:: GOAL OF THE EXERCISE ::
Your answer must be the exact lines of the listing below that run from the line with "Primeiramente serão solicitados" to the line with "Pantaloni in misto", ends included, and no pictures.

** DATASET follows **

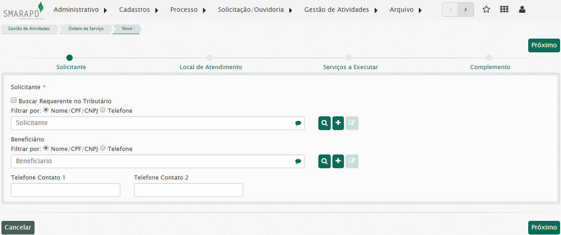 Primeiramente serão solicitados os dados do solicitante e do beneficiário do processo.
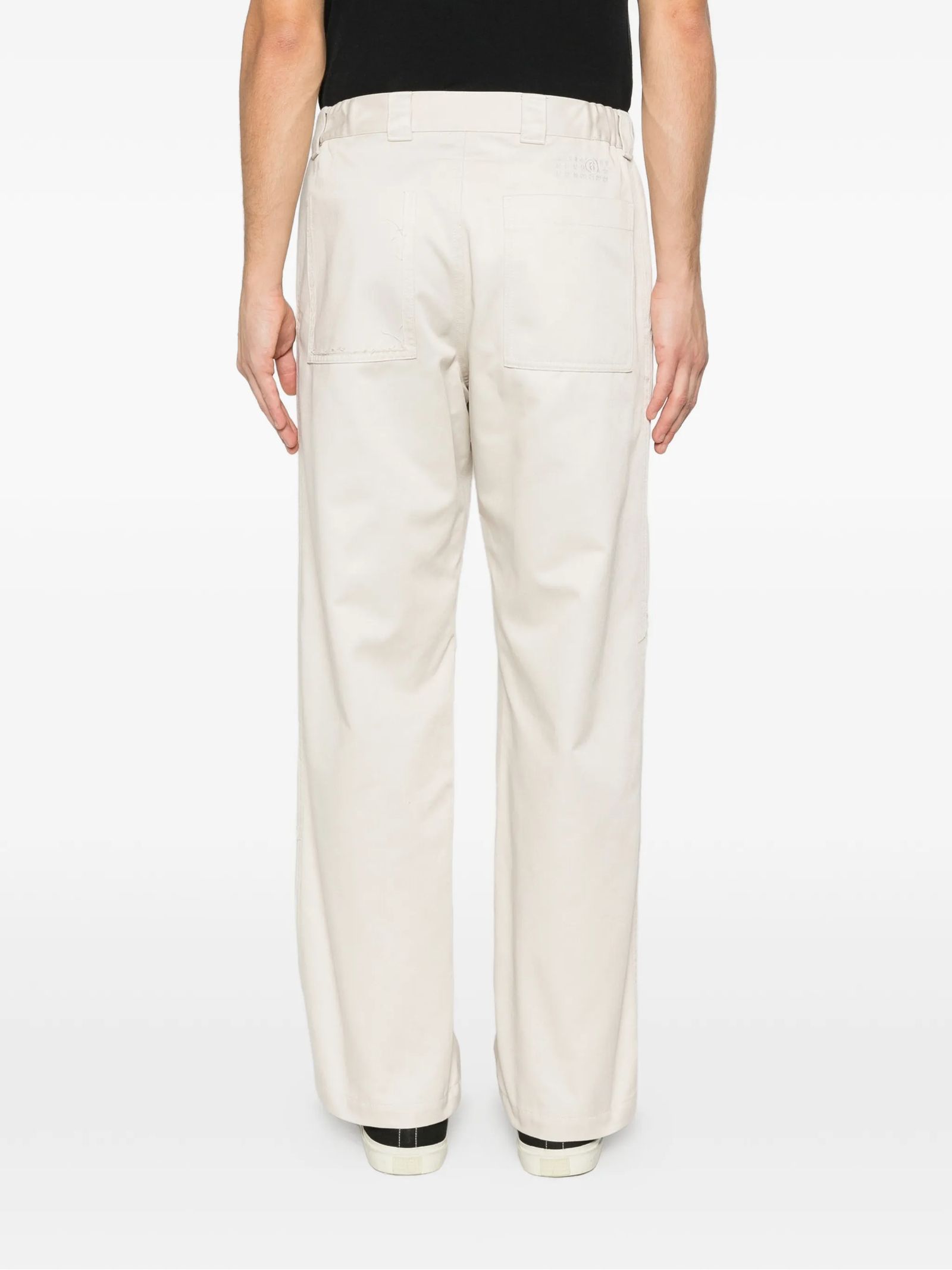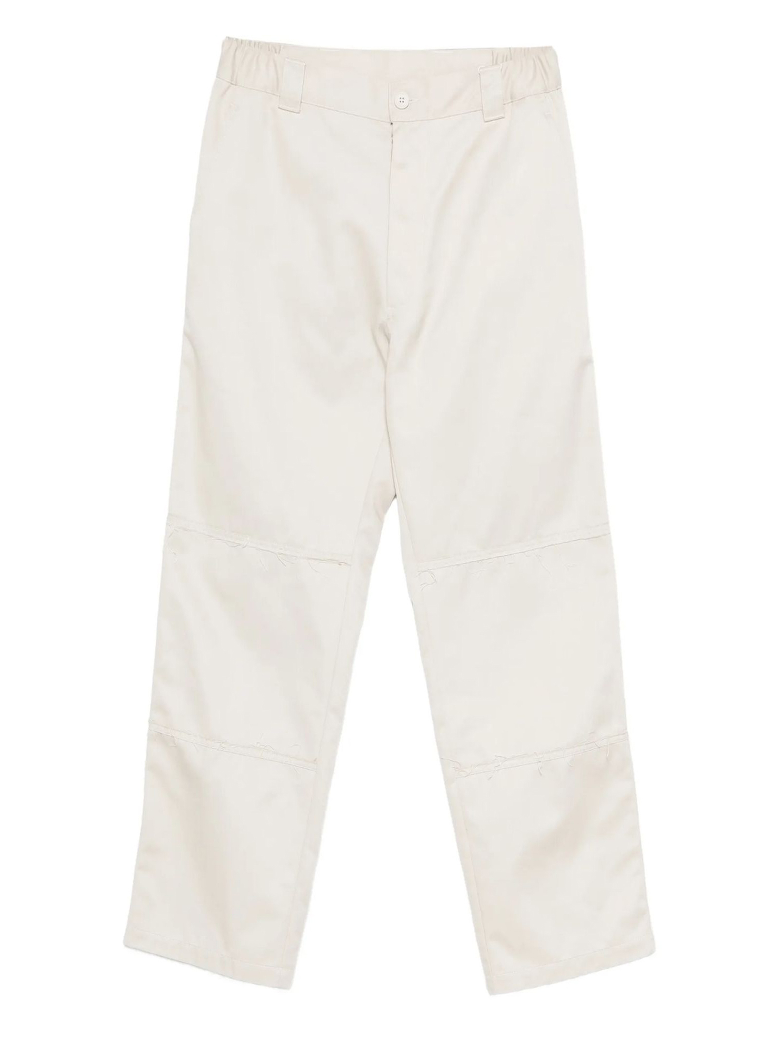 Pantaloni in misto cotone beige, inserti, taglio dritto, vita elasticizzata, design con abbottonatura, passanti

** End of DATASET **
** DATASET follows **

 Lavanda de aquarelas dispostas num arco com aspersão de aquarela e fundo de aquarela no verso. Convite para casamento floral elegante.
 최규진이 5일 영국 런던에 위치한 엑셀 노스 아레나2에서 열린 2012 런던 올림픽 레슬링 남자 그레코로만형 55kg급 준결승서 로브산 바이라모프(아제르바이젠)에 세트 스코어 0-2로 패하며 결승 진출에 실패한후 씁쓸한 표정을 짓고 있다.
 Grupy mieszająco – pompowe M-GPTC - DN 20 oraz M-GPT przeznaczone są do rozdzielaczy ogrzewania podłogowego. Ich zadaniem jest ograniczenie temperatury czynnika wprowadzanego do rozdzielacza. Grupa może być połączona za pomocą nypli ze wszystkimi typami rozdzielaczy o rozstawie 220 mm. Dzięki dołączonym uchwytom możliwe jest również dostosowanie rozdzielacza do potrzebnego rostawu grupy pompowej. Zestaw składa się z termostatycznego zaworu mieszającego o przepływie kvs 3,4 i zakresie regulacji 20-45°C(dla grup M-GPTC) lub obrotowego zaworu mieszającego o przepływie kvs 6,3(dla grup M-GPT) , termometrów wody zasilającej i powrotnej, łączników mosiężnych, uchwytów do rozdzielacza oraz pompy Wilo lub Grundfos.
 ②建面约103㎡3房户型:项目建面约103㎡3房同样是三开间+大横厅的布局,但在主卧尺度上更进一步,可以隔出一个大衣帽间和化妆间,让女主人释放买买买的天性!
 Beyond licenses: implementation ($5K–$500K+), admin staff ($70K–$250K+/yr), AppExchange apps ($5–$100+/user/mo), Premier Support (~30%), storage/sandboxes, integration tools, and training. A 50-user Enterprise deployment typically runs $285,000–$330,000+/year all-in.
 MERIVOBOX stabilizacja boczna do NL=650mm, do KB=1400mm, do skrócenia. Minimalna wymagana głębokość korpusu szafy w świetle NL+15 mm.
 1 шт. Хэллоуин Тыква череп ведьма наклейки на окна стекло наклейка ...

** End of DATASET **

:: TASK RESPONSE ::
 Primeiramente serão solicitados os dados do solicitante e do beneficiário do processo.
 Pantaloni in misto cotone beige, inserti, taglio dritto, vita elasticizzata, design con abbottonatura, passanti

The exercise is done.